## Requirement
Restate, word for word and with no pictures, the stretch of lines in the data below that begins at the line with "ЗУБР Профессионал 64925-06" and ends at the line with "学生らしいさわやかなブルー系", inclusive.

## Source material
# # # # #

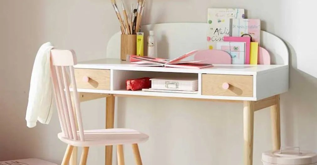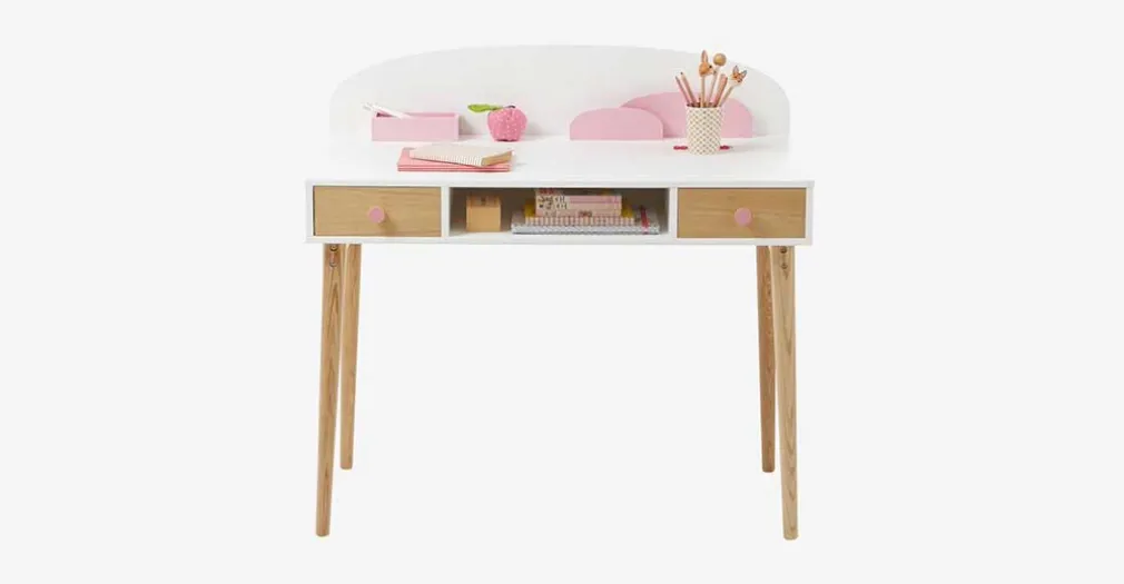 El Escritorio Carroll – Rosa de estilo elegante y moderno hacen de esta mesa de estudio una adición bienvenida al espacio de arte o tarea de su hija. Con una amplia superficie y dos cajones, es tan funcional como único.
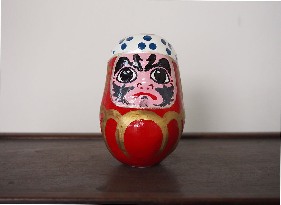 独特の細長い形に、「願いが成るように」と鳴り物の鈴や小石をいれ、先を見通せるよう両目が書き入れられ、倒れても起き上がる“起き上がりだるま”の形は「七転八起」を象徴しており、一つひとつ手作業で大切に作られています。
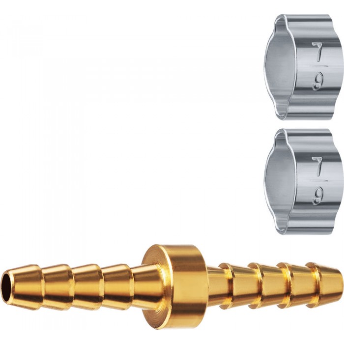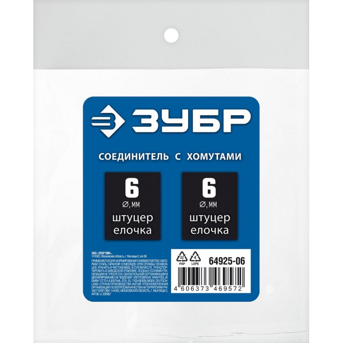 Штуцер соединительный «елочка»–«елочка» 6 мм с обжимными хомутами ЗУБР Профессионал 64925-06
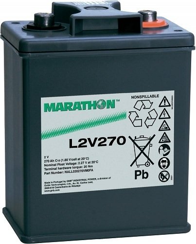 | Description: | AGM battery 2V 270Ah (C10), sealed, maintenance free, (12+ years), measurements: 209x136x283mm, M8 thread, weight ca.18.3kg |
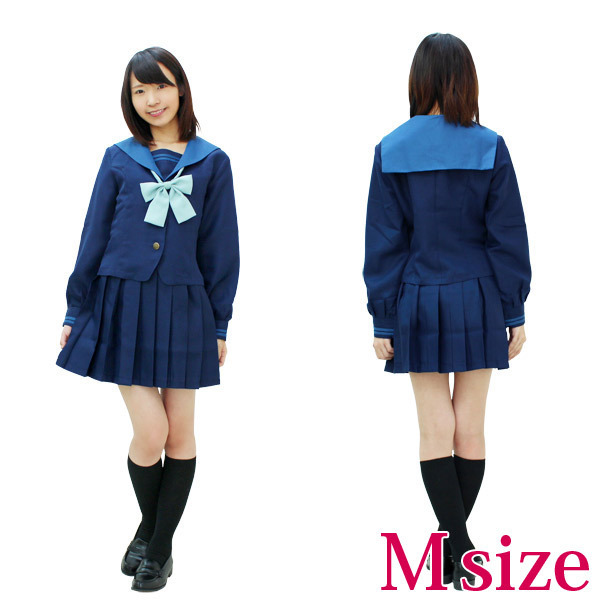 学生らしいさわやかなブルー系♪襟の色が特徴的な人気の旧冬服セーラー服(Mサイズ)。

# # # # #

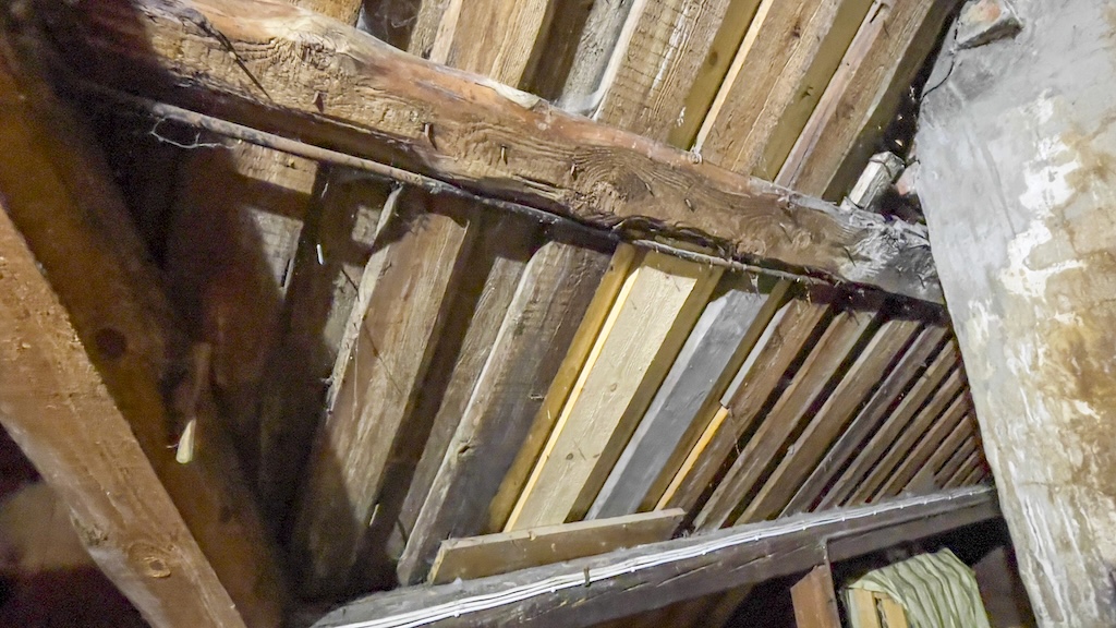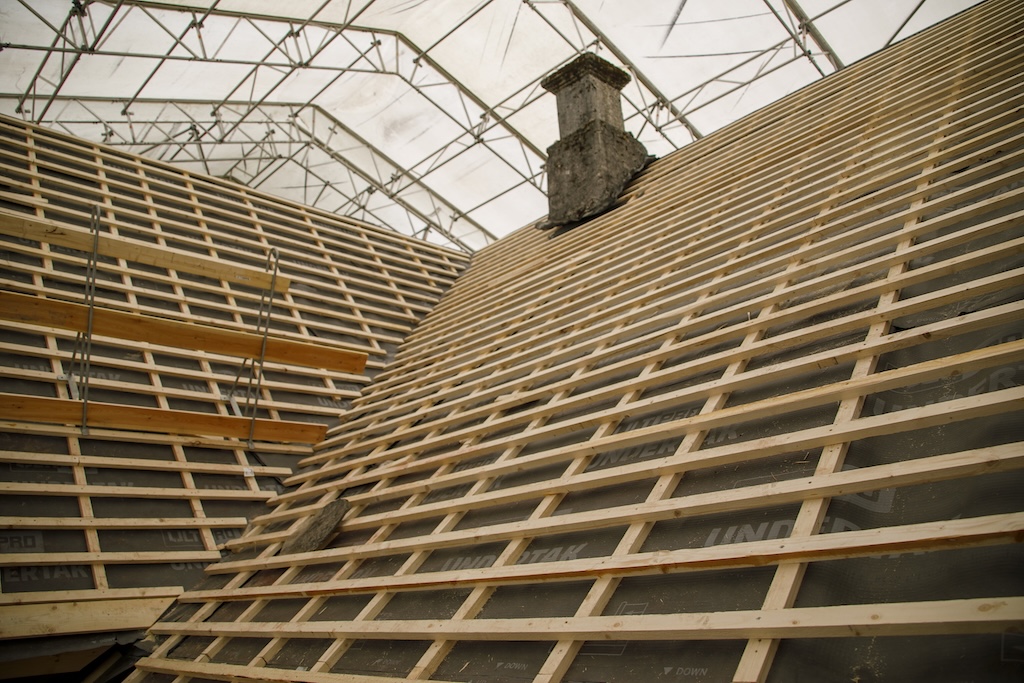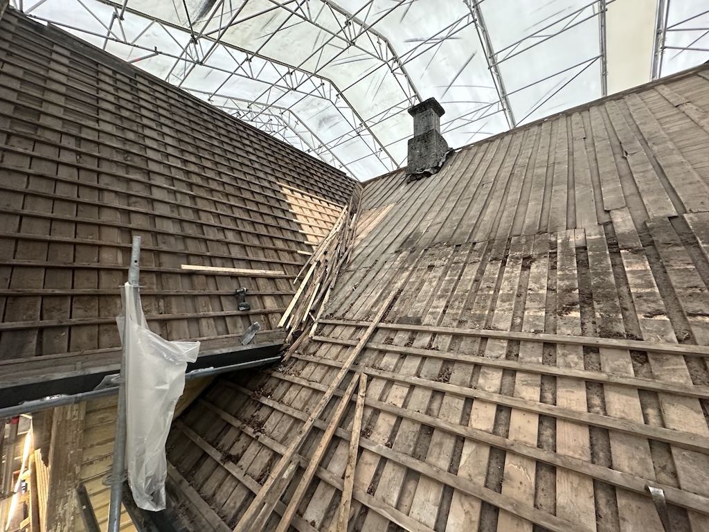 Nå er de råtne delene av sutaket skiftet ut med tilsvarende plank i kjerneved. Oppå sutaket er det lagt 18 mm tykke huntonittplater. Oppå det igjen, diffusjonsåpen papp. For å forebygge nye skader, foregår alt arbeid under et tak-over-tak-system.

# # # # #

## Answer box
 Штуцер соединительный «елочка»–«елочка» 6 мм с обжимными хомутами ЗУБР Профессионал 64925-06
 | Description: | AGM battery 2V 270Ah (C10), sealed, maintenance free, (12+ years), measurements: 209x136x283mm, M8 thread, weight ca.18.3kg |
 学生らしいさわやかなブルー系♪襟の色が特徴的な人気の旧冬服セーラー服(Mサイズ)。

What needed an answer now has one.